Microsoft Defender RoguePlanet Patch Has a New Disk Space Problem


defender disk usage
Image credit: Microsoft

Microsoft Defender’s RoguePlanet zero-day fix may introduce a separate issue that allows attackers to consume nearly all available disk space on affected Windows systems.

Microsoft acknowledged RoguePlanet, tracked as CVE-2026-50656, last month. The vulnerability affected the Microsoft Defender Malware Protection Engine file mpengine.dll and allowed attackers to elevate their privileges.

Microsoft fixed the flaw last week with Malware Protection Engine version 1.1.26060.3008. All earlier engine versions remain vulnerable, with version 1.1.26050.11 listed as the final affected release.

Researcher finds possible information leak

Security researcher Nightmare-Eclipse analyzed the updated Defender engine and identified a potential eight-byte information leak.

The issue appears connected to Microsoft’s new defense-in-depth protections. Researchers can currently observe the leak only through kernel drivers, not from user mode.

The leak does not appear immediately exploitable, although further research continues.

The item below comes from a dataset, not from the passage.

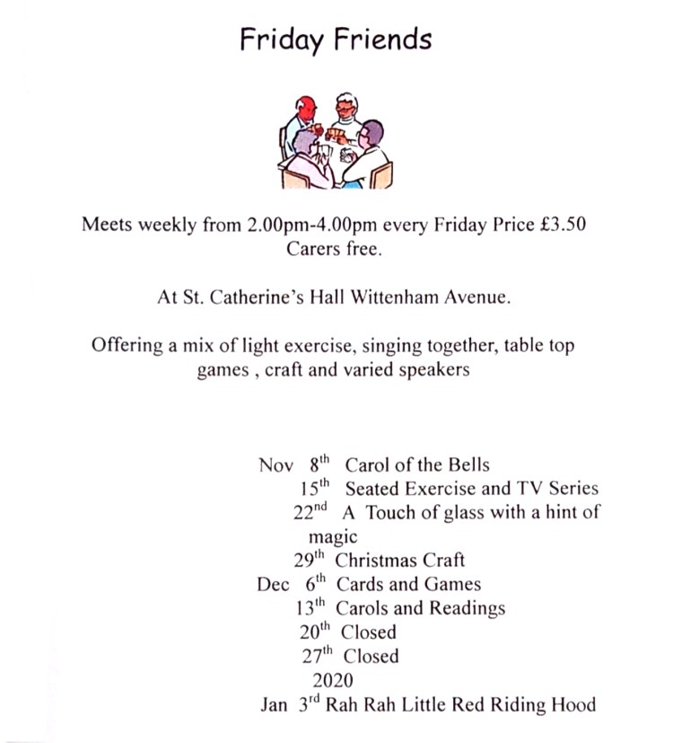 Friday Friends meets weekly from 2.00 – 4.00pm every Friday, price £3.50 (carers free), offering a mix of talks, light exercise, singing together, tabletop games or craft activities in a safe, warm and friendly environment – with tea and cakes.
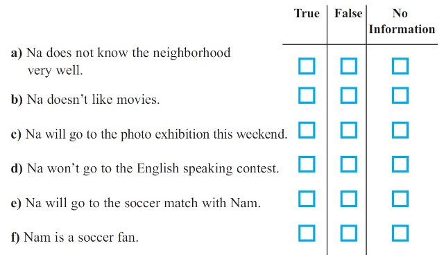2. Hãy nghe lại hội thoại và đánh dấu (✓) vào cột Đúng, Sai hoặc Không có thông tin.

Defender update may fill the system drive

Nightmare-Eclipse also discovered a more disruptive issue that could cause the patched Defender engine to consume almost all available disk space.

Microsoft Defender normally limits the size of files it scans and quarantines. These restrictions help prevent large or malicious files from consuming excessive storage.

However, the limits reportedly do not apply to cached Zone.Identifier alternate data streams. An attacker could use this behavior to force Defender to create an extremely large ADS cache.

Proof of concept uses a malicious SMB server

The proof of concept relies on a custom SMB server hosting a file with an oversized and specially crafted Zone.Identifier alternate data stream.

The server deliberately delays certain read operations while keeping the SMB connection active. Defender reportedly keeps the cached files locked instead of removing them.

As the process continues, disk usage increases until the affected drive runs out of available space. This could cause applications to fail, interrupt services, or make Windows unstable.

Windows 11 and Windows Server affected

The researcher reproduced the disk exhaustion behavior on Windows 11 25H2 and Windows Server 2025.

Nightmare-Eclipse is also investigating whether attackers could use WebDAV instead of a malicious SMB server. A working WebDAV method could allow attackers to deliver the file over the Internet more easily.

Microsoft has not publicly addressed the reported disk exhaustion issue in its RoguePlanet security advisory.